For the final project, you will run behavioral experiments on deep learning models, treating them as cognitive subjects — the same way cognitive psychologists run experiments on human participants. The goal is to assess whether these models show human-like behavioral signatures on well-established cognitive tasks, and to use those comparisons to illuminate something about the nature of their representations.

This is a group project (pairs of 2). Group assignments are finalized — check Ed for your partner. The written poster is a shared deliverable; both partners receive the same score. The oral presentation is graded individually — both partners must be able to present the work independently.

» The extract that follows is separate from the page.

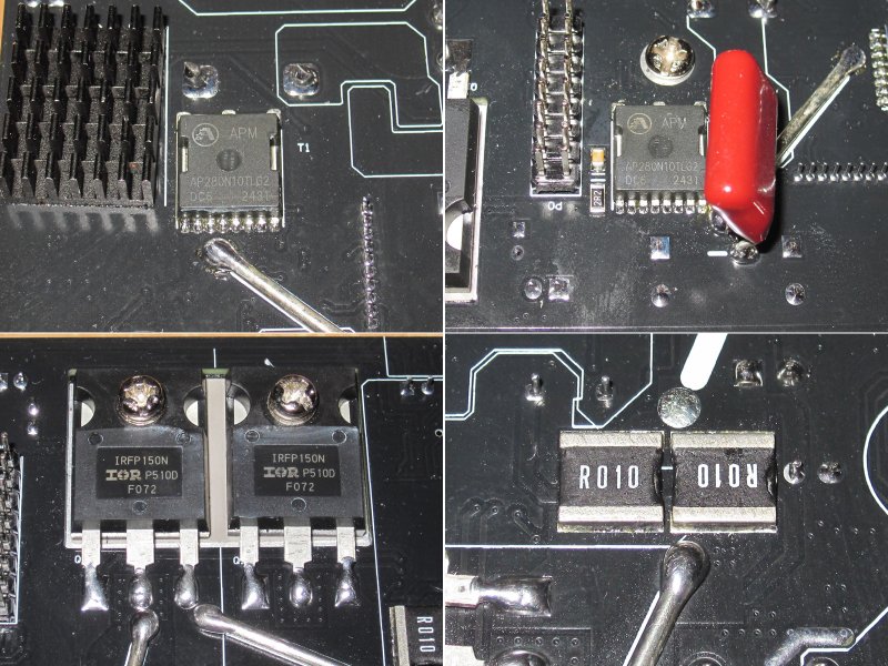3. Транзисторы линейного стабилизатора, любопытно что у 6012Р были биполярные, а здесь поставили полевые, силовые выводы соединены параллельно, а вот затворы между собой не звонятся. Любопытно сравнить минимальное падение, у IRFP150 сопротивление 36мОм, у TIP35 падение в горячем состоянии и при токе 10А составляет около 0.45 вольта, у IRFP150 при токе 9А (половина от 18, так как транзисторов два) падение будет 0.324 вольта, не такая и большая разница, как по мне.

Starting point: the Centaur / Psych-101 dataset

Your starting point is the Psych-101 dataset (Binz et al., 2025): trial-by-trial behavioral data from 160 cognitive psychology experiments across 60,000+ human participants, formatted as natural language transcripts. It was used to train Centaur, the foundation model of human cognition we discussed in class.

Psych-101 is a natural starting point: prompts and task structures are already formatted for LLM input, human behavioral data is built in, and the dataset spans a broad range of cognitive domains (decision-making, memory, learning, reasoning, perception). Dataset: marcelbinz/Psych-101 on HuggingFace.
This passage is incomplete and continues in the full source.